吸血鬼至上主義vampire supremacy

「……」

 ナキの手が無意識に首に伸び、そこにあるチョーカーに触れた。

「僕らが長年追っている、確かに存在するけれど姿を見せない……時代遅れの亡霊共さ」

「ああ」

「連中はこのか嬢の存在を許さないだろう。自分達の一方的な主張だけがこの世の真理で、他の意見を聞き入れる度量のない、迷惑極まりない組織だから」

 吸血鬼至上主義。

「吸血鬼こそ地上の支配者であり、王の一族である。劣位にある他の種族は吸血鬼に隷属すべき……か」

 それが組織の主張である。メンバーは選民意識の強い一部の吸血鬼、そしてその熱烈な信奉者たち。普段は社会に溶け込んで日常生活を送っていて自身の主義主張を声高に叫ぶ訳ではないのでメンバーの特定が難しい。

「そう。連中は吸血鬼の血に他の種族の血が混じるのを嫌う。彼らの表現を使うならば『汚れる』ということらしいからね。特に人間との混血は絶対に許さない。……と、まぁそんな訳で和泉さんの心配事は尽きない、ということなのさ」

 にこっと位空が微笑んだ。

「何かさらっと話しやがったけど」

「うん。トップシークレットだから他言無用ね」

「お前な……」

「僕が気になるのはね、和泉さんは梢さんを恨んでるんじゃないかってことなんだけど」

 相変わらずさらりと、世間話の続きのように位空がぶち込んできた。

「……」

 視線を遣ると、和泉は黙って佇んでいた。  

 ナキの……さとりの視界に収まることをただ受け入れていた。隠すことなど何もないというように。

 和泉の身体に重なるように、彼の心が情景となって写し出される。老練の執事の心はやはり見た目ほど穏やかではなかった。

 仕えるべき者を失った悲しみから生まれた、喪失感や不安や絶望を含んだ雲が見える。そこから降った雨が美鶴木科戸という女に対する不信の花を育てている。そして主人と奥方、息女に対する敬愛が攻撃的な暴風へと姿を変えて、近づくものの肌を切り裂かんばかりに吹いている。

 ……現実ではない。ナキの視界の中でだけの風景だ。それでも狂暴な風に頬を打たれた気がするほどの強い感情。

 ナキは目を瞑り、簡潔に感想を述べた。

「暑苦しいことだ」

「ふぅん?」

 興味深そうに、面白がるように位空が首をかしげた。

「和泉さんは見たままの誠実な使用人という訳だね」

 少なくともこの老人が吸血鬼至上主義のメンバーである可能性は考えなくてもいいだろう。

「……奥方様は種族の違いに悩み、苦しみながらも必死に旦那様を支えておられました。

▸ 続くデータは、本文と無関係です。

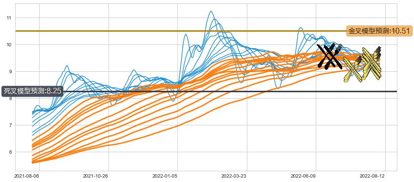 ➣ 80小时均线于(2022-06-27: 9.51)形成【死叉】基于【死叉历史模型】预测死叉后最低波谷价格: 8.40, 死叉后最低价格8.78,尚未达到预测最低波谷价格, 预期继续下跌

その苦悩を知りながらどうして奥さまを恨んだりできましょう。そしてそのお二人の大切なお嬢様を私たちはお守りしなければなりません」

「なるほどね。貴方の忠誠を疑うような発言をして申し訳なかった」

 素直に位空が謝罪を口にすると、和泉は首を振った。

「生前の旦那様と奥様は、このかお嬢様のことを本当に心配しておられました。私どもも旦那様と奥様の大切な忘れ形見であり、敬愛するお嬢様を何としてもお守りしたいと考えています。ですが……」

 そこで和泉は一端言葉を区切った。

「ですが?」

「吸血鬼至上主義の考え方は吸血鬼族の中にも未だ根強く残っていると、生前の旦那様がよく話されていました。現代社会は建前として全ての種族の平等を謳っているが、本当はそうではないと……。今の深際家を支援することは一部の吸血鬼からの反感を買うことになりましょう。そうと知りながら……九堂様におすがりしなければならないことは本当に心苦しく……」

「ん?」

 位空がキョトンとした顔になり、それからナキの方を見た。

「僕って、人の言う事とか気にできるの?」

 心底疑問といった声だった。

「僕の行動で吸血鬼族の誰かが怒ったとして……それで自らの行いを反省したり、以後の行動に何らかの修正を加えるなんて事が、果たして僕にできるのかな。自分で言うのも何だけど、僕にはとっても難しそうだよね?」

「社会不適合者だからな」

「他人事みたいに言うけど、玄葉さんも大分こちら寄りだけどね?」

 確かに位空には難しい芸当だろう。それが出来ていればこいつはこの場にはいない。他人の気持ちを理解して慮ることが出来るならば、勝手に他人の家の合鍵を作って上がり込みはしないだろう。そもそもとうに疎遠になっている。お前の顔なんぞ見たくないと散々態度に出しているのだから。

 こいつのたちの悪い所は、他人の気持ちが分からない訳じゃない、という所だ。他者の心情を察して、理解して……その上で、慮らない。

 嫌がる事こそむしろする。

 そういう、ねっとりとした嫌な奴だ、こいつは。

「あは。君ってさとりでもあるけど、さとられでもある。君の考えてる事って何となく分かるよ。内心で僕を罵っているんだね。君が頭の中を僕でいっぱいにしている時の顔、好きだよ」

「気色悪い言い回しするな」

「ふふ」

 振り返って、位空は和泉に声をかけた。

「まぁ、お聞きの通り僕の事は心配には及びませんよ。一族も僕の事はよく知っているでしょう。長いお付き合いですからね」

「は……」

 和泉は納得したような、致しかねたような曖昧な表情をしていた。主人の友人というだけで、こんな社会不適合者に真面目に対応しなければならない立場に同情を禁じ得ない。

「……美鶴木科戸嬢にどうやって接触するか悩ましいですね?ファーストコンタクトは慎重を期さねばね。彼女が本当に組織の信奉者なら、簡単に心を読まれないように記憶の一部にプロテクトがかけている可能性もある。脳を弄って別人格になっている、なんてのも過去にはあったからね。そうなるといくら玄葉さんが優秀なさとりでも少し眺めただけでは本心は分からない。親しくなって心に入り込まなくては……ね」

「九堂様……」

「自分に何かあった時は娘を頼む、と僕も瑶一郎からお願いされていましたからね。このか嬢が健やかに成長できるよう、微力ながらお力添えしましょう」

 歌うように位空が言った。

 何だ?とナキと僅かに違和感を覚える。位空がいつもよりほんの少し早口で……落ち着かない態度に見えたからだ。

 しかし和泉はそうは思わなかったらしい。うっすらと涙ぐみながら位空に頭を下げ、謝意を述べる。ナキに対しても同様に丁寧に感謝を伝えてくるのを適当にかわし、じっと位空を見据えた。